• What needs to be done:
Search the entries below for the word "Wall" and copy each line that has it.

• Items from a data source:
◇ ◇ ◇ ◇
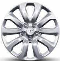
17" steel wheels with cover (L)

M = Metallic, P = Pearl. The exterior and interior colours in this brochure are as close to the actual vehicle production colours as the printing process allows.
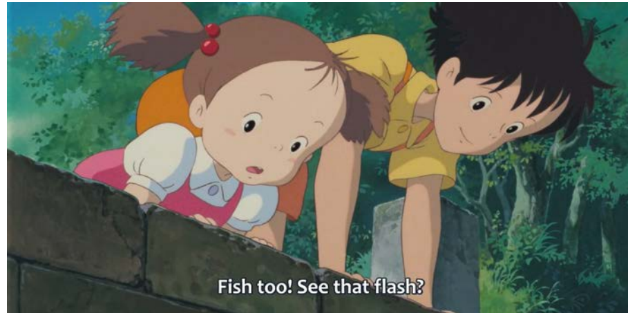
Fig. 7: The colour play important role to perceptive shot
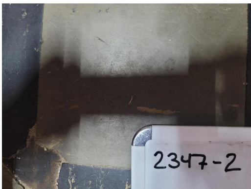
2347-2 9" x 9" Floor Tile – Tan (6% Chrysotile) Mastic (4% Chrysotile) Bedroom A (48 square feet)
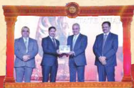
Satyam Enterprises - Winner (Wall Putty), MP 2
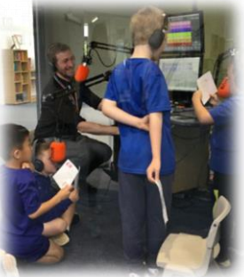
Year 2 making links to Scientists in reading and writing for the radio audience.
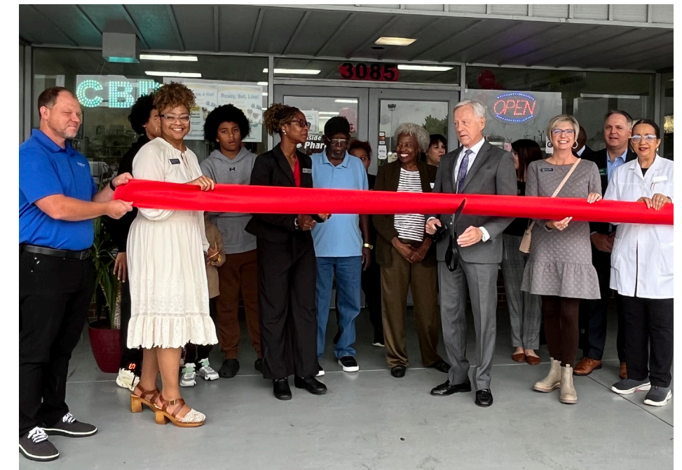
SOUTHSIDE DISCOUNT PHARMACY
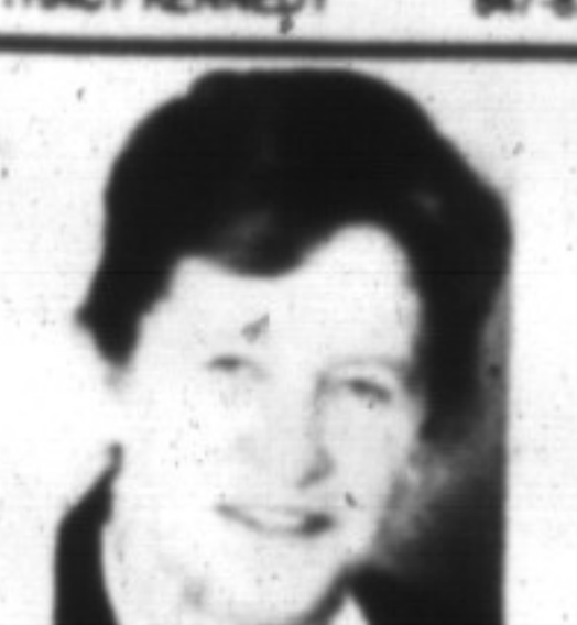
JENNIE FRETZ 854-0339

3 bedroom split level with 11.25% ASSUMABLE MORTGAGE, eat-in kitchen, upgraded carpet, finished lower level with wet bar. Asking $209,900. Contact Tracy Kennedy* or Debra Sine* for your personal inspection of no.40.
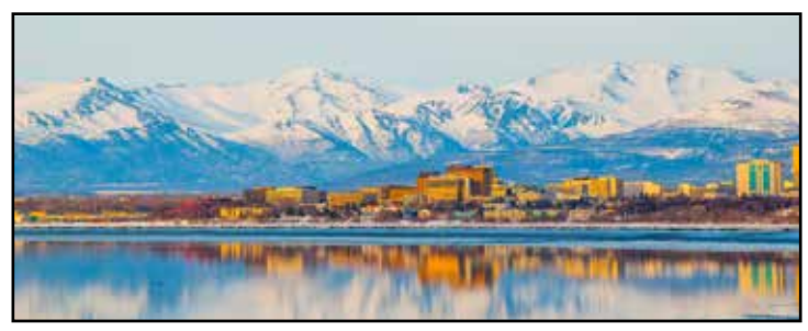
Downtown Anchorage at sunset on a clear day.

Vacationing in Alaska is a great way to learn about the state, and explore job opportunities. Alaska is vast, stretching thousands of miles in all directions, with starkly contrasting climate zones, breathtakingly beautiful scenery, abundant wildlife, and Native people with rich cultures. It presents abundant and varied recreational opportunities. No wonder it is a prime tourist destination! Come for a visit, savor the flavor of various communities, experience the weather, and check out the job scene. Remember to include Homer on your itinerary! @VisitHomer on FaceBook shares visitors' stories about Homer. Let them inspire you, too!
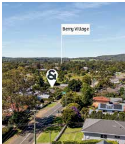
7 KANGAROO VALLEY ROAD, BERRY
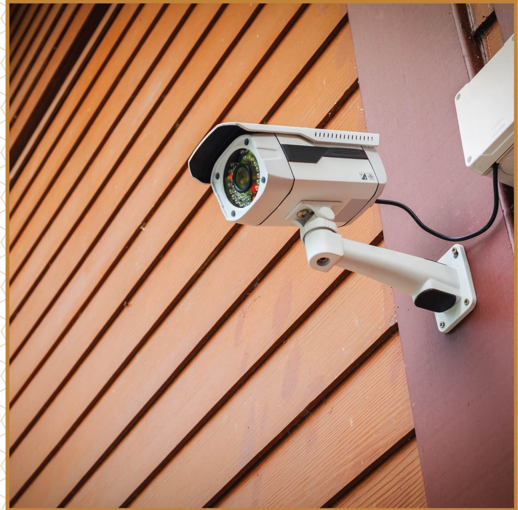
High tech surveillance system
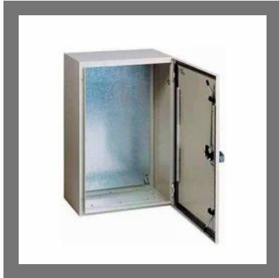
Wall Mounted Enclosure
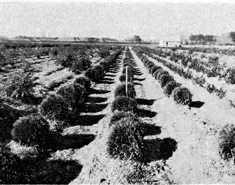
Thuja occidentalis globosa , with Berberis Juliana at left. Photo Dec. 18, 1957.
◇ ◇ ◇ ◇
• Response area:
Satyam Enterprises - Winner (Wall Putty), MP 2
Wall Mounted Enclosure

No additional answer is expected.